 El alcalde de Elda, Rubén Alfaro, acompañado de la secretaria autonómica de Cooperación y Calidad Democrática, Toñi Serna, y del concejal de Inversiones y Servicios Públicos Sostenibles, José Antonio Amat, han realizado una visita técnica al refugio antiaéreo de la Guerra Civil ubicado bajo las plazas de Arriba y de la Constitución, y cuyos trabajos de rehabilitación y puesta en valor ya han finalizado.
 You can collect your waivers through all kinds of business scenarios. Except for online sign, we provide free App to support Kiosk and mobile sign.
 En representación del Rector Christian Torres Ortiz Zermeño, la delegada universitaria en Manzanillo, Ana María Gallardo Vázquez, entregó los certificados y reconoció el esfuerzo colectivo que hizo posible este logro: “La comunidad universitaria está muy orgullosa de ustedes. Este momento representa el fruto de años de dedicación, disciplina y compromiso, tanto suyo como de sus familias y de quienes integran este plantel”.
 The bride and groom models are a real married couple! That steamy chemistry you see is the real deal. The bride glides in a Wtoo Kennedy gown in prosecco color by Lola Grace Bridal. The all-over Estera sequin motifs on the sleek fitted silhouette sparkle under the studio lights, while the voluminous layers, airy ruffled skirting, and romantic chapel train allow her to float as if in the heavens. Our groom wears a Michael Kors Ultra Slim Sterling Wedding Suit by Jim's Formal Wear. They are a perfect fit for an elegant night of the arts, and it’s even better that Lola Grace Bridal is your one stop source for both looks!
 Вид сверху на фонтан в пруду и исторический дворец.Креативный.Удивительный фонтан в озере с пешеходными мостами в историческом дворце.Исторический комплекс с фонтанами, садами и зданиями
★ ★ ★ ★ ★
● DIRECTIONS
Reproduce the records above line by line, without any change, up to and including the line that holds "The bride and".

● TASK ANSWER
 El alcalde de Elda, Rubén Alfaro, acompañado de la secretaria autonómica de Cooperación y Calidad Democrática, Toñi Serna, y del concejal de Inversiones y Servicios Públicos Sostenibles, José Antonio Amat, han realizado una visita técnica al refugio antiaéreo de la Guerra Civil ubicado bajo las plazas de Arriba y de la Constitución, y cuyos trabajos de rehabilitación y puesta en valor ya han finalizado.
 You can collect your waivers through all kinds of business scenarios. Except for online sign, we provide free App to support Kiosk and mobile sign.
 En representación del Rector Christian Torres Ortiz Zermeño, la delegada universitaria en Manzanillo, Ana María Gallardo Vázquez, entregó los certificados y reconoció el esfuerzo colectivo que hizo posible este logro: “La comunidad universitaria está muy orgullosa de ustedes. Este momento representa el fruto de años de dedicación, disciplina y compromiso, tanto suyo como de sus familias y de quienes integran este plantel”.
 The bride and groom models are a real married couple! That steamy chemistry you see is the real deal. The bride glides in a Wtoo Kennedy gown in prosecco color by Lola Grace Bridal. The all-over Estera sequin motifs on the sleek fitted silhouette sparkle under the studio lights, while the voluminous layers, airy ruffled skirting, and romantic chapel train allow her to float as if in the heavens. Our groom wears a Michael Kors Ultra Slim Sterling Wedding Suit by Jim's Formal Wear. They are a perfect fit for an elegant night of the arts, and it’s even better that Lola Grace Bridal is your one stop source for both looks!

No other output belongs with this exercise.